The problem I find with this type of design (not that it's completely unfit to any situation) is that you need to put a primary key on user_id,attrib on that second table. Unknowing the potential length of attrib, you would usually use a greater length value, thus increasing the indexes. In my case, attribs could have from 3 to 130 chars. Also, the value most certainly suffer from the same assumption.
And as the OP said, this leads to synchronization problems. Imagine if every attributes (or say at least 50% of them) NEED to exist.
Also, as the OP suggest, the search needs to be done on 30-40 attributes, and I can't just imagine how a 30-40 joins would be efficient, or even a group_concat() due to length limitation.
My only viable solution was to go back to a table with as much columns as there are attributes. My indexes are now greatly smaller, and searches are easier.
EDIT: Also, there are no normalization problems. Either having lookup tables for attribute values or have them ENUM().
EDIT 2: Of course, one could say I should have a look-up table for attribute possible values (reducing index sizes), but I should then make a join on that table.
What you could do is split the user data accross two tables.
1) Table: user
This will contain the "core" fixed information about a user such as firstname, lastname, email, username, role_id, registration_date and things of that nature.

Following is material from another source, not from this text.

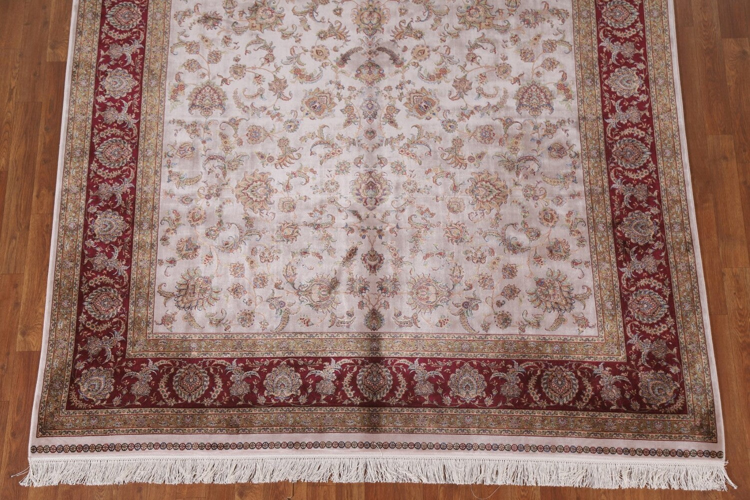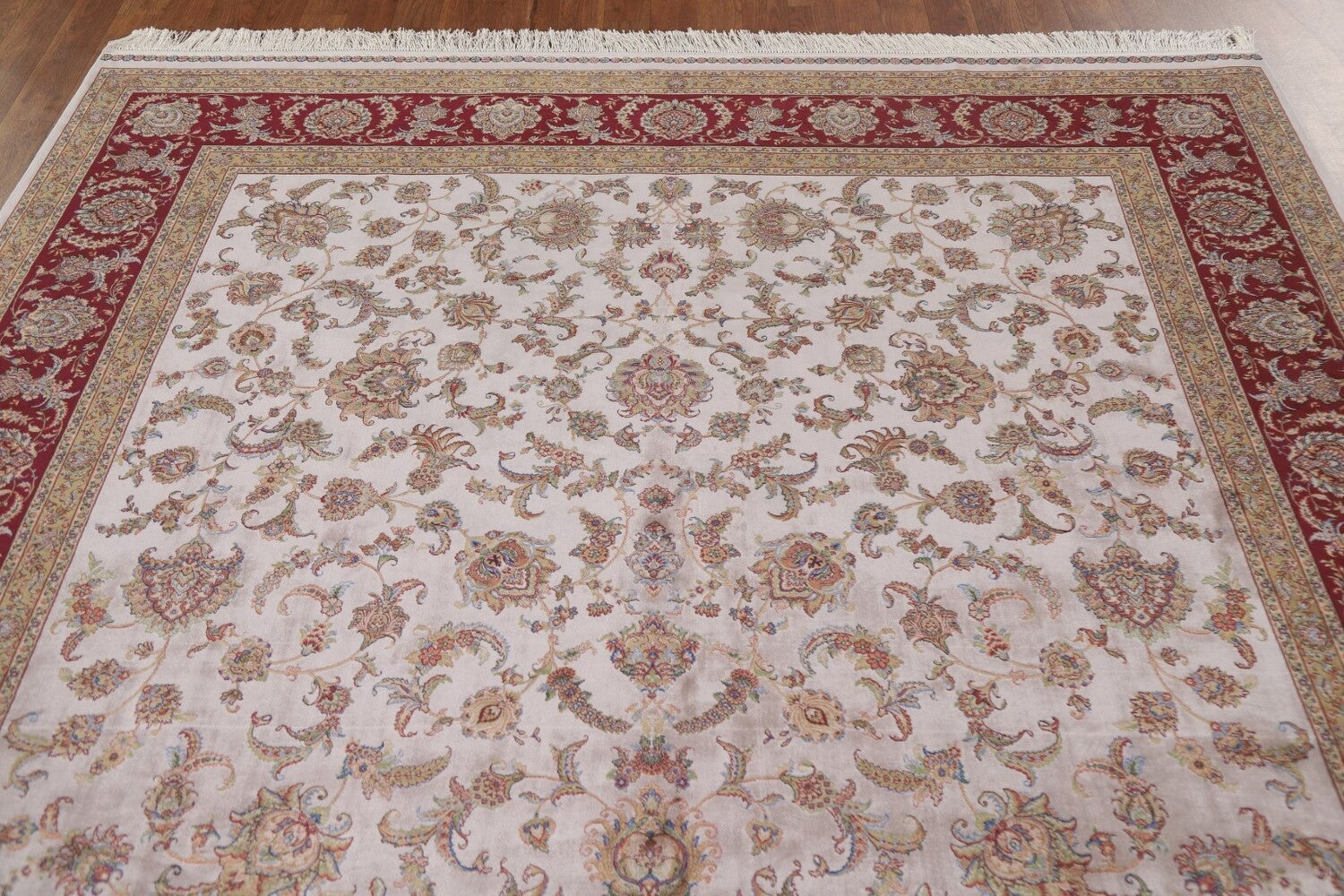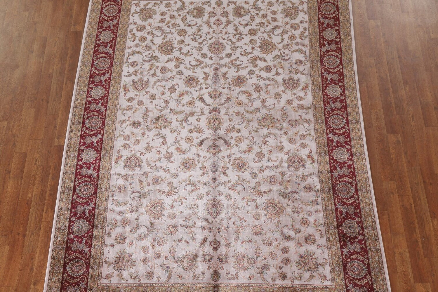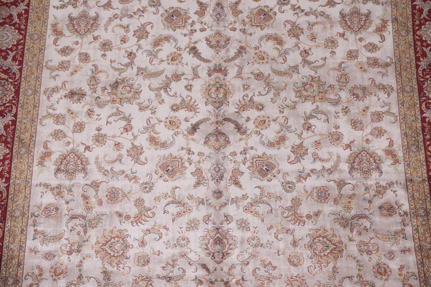A Beautiful Genuine Turkey Tabriz rug is Machine Made by skillful weavers in Turkey with 90% Silk - 10% Polyester Material. This rug is in condition. dimensions are 9' 11'' X 6' 7'' in foot and 302 X 201 in centimeter. the primary color is Beige & Ivories.

Profile related information can go in its own table. This will be an infinitely expandable table with a key => val nature.
2) Table: user_profile
Fields: user_id, option, value
user_id: 1
option: profile_image
value: /uploads/12/myimage.png
and
user_id: 1
option: questions_answered
value: 24
Hope this helps,
Paul.
The entity-attribute-value model might be a good fit for you:
http://en.wikipedia.org/wiki/Entity-attribute-value_model
Rather than have 100 and growing columns, add one table with three columns:
user_id, property, value.
In general, you shouldn't sacrifice database integrity for performance.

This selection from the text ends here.